How to expose APIs endpoints from private AWS ALB

We are having several microservices on AWS ECS. We have single ALB which has different target group for different microservices. We want to expose some endpoints externally while some endpoints just for internal communication.
The problem is that if we put our load balancer in public VPC than it means that we are exposing all register endpoints externally. If we move load balancer to private VPC, we have to use some sort of proxy in public VPC, which required additional infra/cost and custom implementation of all security concerns like D-DOS etc.
What possible approaches we can have or does AWS provide some sort of out of the box solution for this ?
I would strongly recommend running 2 albs for this. Sure, it will cost you more (not double because the traffic costs won't be doubled), but it's much more straight forward to have an internal load balancer and an external load balancer. Work hours cost money too! Running 2 albs will be the least admin and probably the cheapest overall.
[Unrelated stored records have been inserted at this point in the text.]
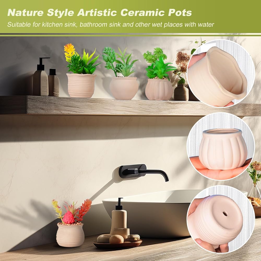 • [🎍أواني فنية لطيفة للنباتات العصارية الصغيرة]--4 عبوات من النباتات المكتبية الجميلة تتطابق مع 4 ألوان مختلفة من مزارعي السيراميك. بالمقارنة مع مادة لب الورق، فإن الأواني الخزفية أكثر متانة وفنية، وتكمل مجموعة واسعة من الديكورات الملونة. بالإضافة إلى ذلك، لا داعي للقلق بشأن تحلل المزارعون في الماء، فهو مناسب بشكل خاص لوضعه في حوض المطبخ وحوض الحمام وغيرها من الأماكن الرطبة بالماء.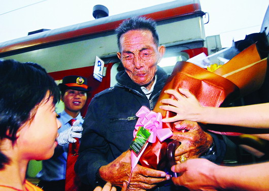 人們爭先涌向老人,想親眼目睹英雄的容貌,一時(shí)間把他圍了起來。老人在火車站廣場上走了大約200米,用了將近10分鐘。他的眼眶再次泛紅,卻又咧開嘴露出孩子般的笑容。
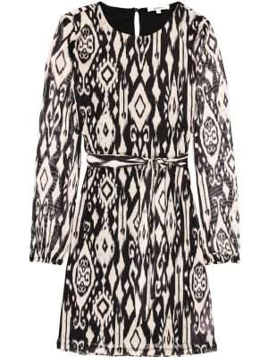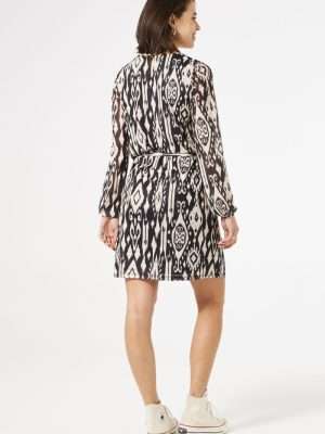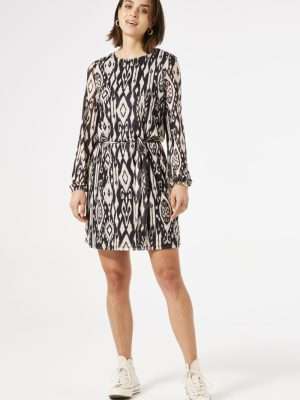 Dress with allover print. A real eye-catcher! This dress has long sleeves, a round neck, a waist belt, and a regular fit. This item is made of 50% recycled polyester, 45% polyester, and 5% elastane.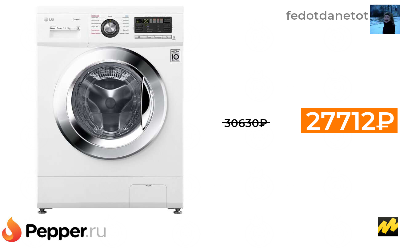 🔹Стиральная машина с сушкой и паром 6/3кг LG F1296CDS3 27712₽ ❗️🔥(везде от 30630₽)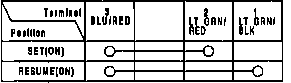 4. If continuity is as described in table, set/resume switch is functioning properly.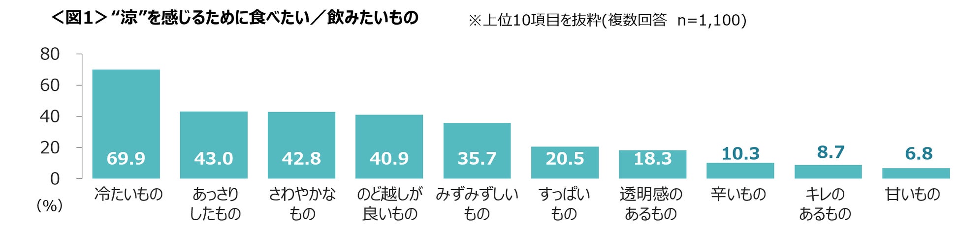 “涼”を感じるために食べたい、飲みたいものとしては「冷たいもの」が7割でTOP。<図1>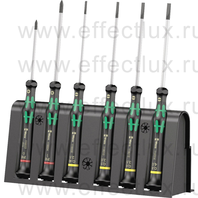 Каталог > WERA Инструменты для профессионалов > WERA Отвёртки > WERA Отвёртки и наборы отвёрток серии Kraftform Micro > WERA Наборы отверток Kraftform Micro > WERA Kraftform Micro 2035/6 B Набор отвёрток для электронщиков SL+PH+подставка, 6 предметов WE-118152

Checkout WAF. It stands for web application firewall and is available as AWS service. Follow these steps as guidance:
Create a WAF ACL.
Add "String and regex matching" condition for your private endpoints.
Add "IP addresses" condition for your IP list/range that are allowed to access private endpoints.
Create a rule in your ACL to Allow access if both conditions above are met.
Assign ALB to your WAF ACL.
UPDATE:
In this case you have to use external facing ALB in a public subnet as mentioned by Dan Farrell in comment below.
I would suggest doing it like this:
one internal ALB
one target group per microservice, as limited by ECS.
one Network load balancer(NLB), with one ip based target group.
The Ip based target group will have the internal ALB ip addresses,as the private ip addresses for ALB are not static, you will need to setup cloudwatch cron rule with this lambda function(forked from aws documentation and modified to work on public endpoints as well):
https://github.com/talal-shobaita/populate-nlb-tg-withalb/
Both ALB and NLB are scalable and protected from DDOS by AWS, AWS WAF is another great tool that can be attached directly to your ALB listener for extended protection.
Alternatively, you can wait for AWS to support multiple target group registration per service, it is already in their roadmap:
https://github.com/aws/containers-roadmap/issues/104
This how we eventually solved.
Two LB one in private and one in public subnet.
Some APIs meant to be public, so directly exposed through public LB.
For some private APIs endpoints need to be exposed, added a proxy in public LB and routed those particular paths from public LB to private LB through this proxy.
These days API Gateway is the best way to do this. You can have your API serve a number of different endpoints while serving only the public ones via API Gateway and proxying back to the API.
I don't see it mentioned yet so I'll note that we use a CloudMap for internal routing and an ALB for "external" (in our case simply intra/inter-VPC) communication. I didn't read in depth, but I think this article describes it.
AWS Cloud Map is a managed solution that lets you map logical names to the components/resources for an application. It allows applications to discover the resources using one of the AWS SDKs, RESTful API calls, or DNS queries. AWS Cloud Map serves registered resources, which can be Amazon DynamoDB tables, Amazon Simple Queue Service (SQS) queues, any higher-level application services that are built using EC2 instances or ECS tasks, or using a serverless stack.
...
Amazon ECS is tightly integrated with AWS Cloud Map to enable service discovery for compute workloads running in ECS. When you enable service discovery for ECS services, it automatically keeps track of all task instances in AWS Cloud Map.
You want to look at AWS Security Groups.
A security group acts as a virtual firewall for your instance to control inbound and outbound traffic.
For each security group, you add rules that control the inbound traffic to instances, and a separate set of rules that control the outbound traffic.
Even more specific to your use-case though might be their doc on ELB Security Groups. These are, as you may expect, security groups that are applied at the ELB level rather than the Instance level.
Using security groups, you can specify who has access to which endpoints.